WHAT IS NEEDED. Reproduce, from the lines below, exactly the stretch that begins at the line containing "但开拍前一天,该女演员的经纪" and ends at the line containing "本日のメニュー:チキンライスら白菜のクリーム煮、カシューチップサラダ、牛乳", both included.

DATA FOR THIS EXERCISE.
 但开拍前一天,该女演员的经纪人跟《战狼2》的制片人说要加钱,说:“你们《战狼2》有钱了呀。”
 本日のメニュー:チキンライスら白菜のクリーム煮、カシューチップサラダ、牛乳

* * *

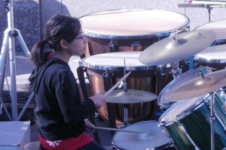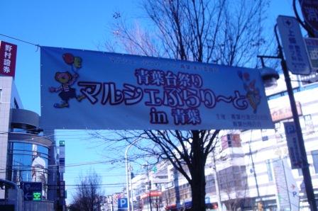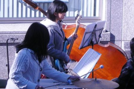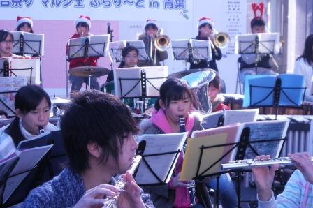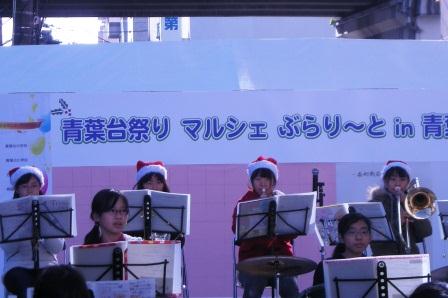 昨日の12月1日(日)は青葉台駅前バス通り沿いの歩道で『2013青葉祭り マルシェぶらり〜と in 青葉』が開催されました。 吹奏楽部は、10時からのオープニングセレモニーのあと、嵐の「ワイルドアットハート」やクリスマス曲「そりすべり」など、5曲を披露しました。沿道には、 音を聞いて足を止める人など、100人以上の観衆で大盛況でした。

ANSWER TO THE EXERCISE.
 但开拍前一天,该女演员的经纪人跟《战狼2》的制片人说要加钱,说:“你们《战狼2》有钱了呀。”
 本日のメニュー:チキンライスら白菜のクリーム煮、カシューチップサラダ、牛乳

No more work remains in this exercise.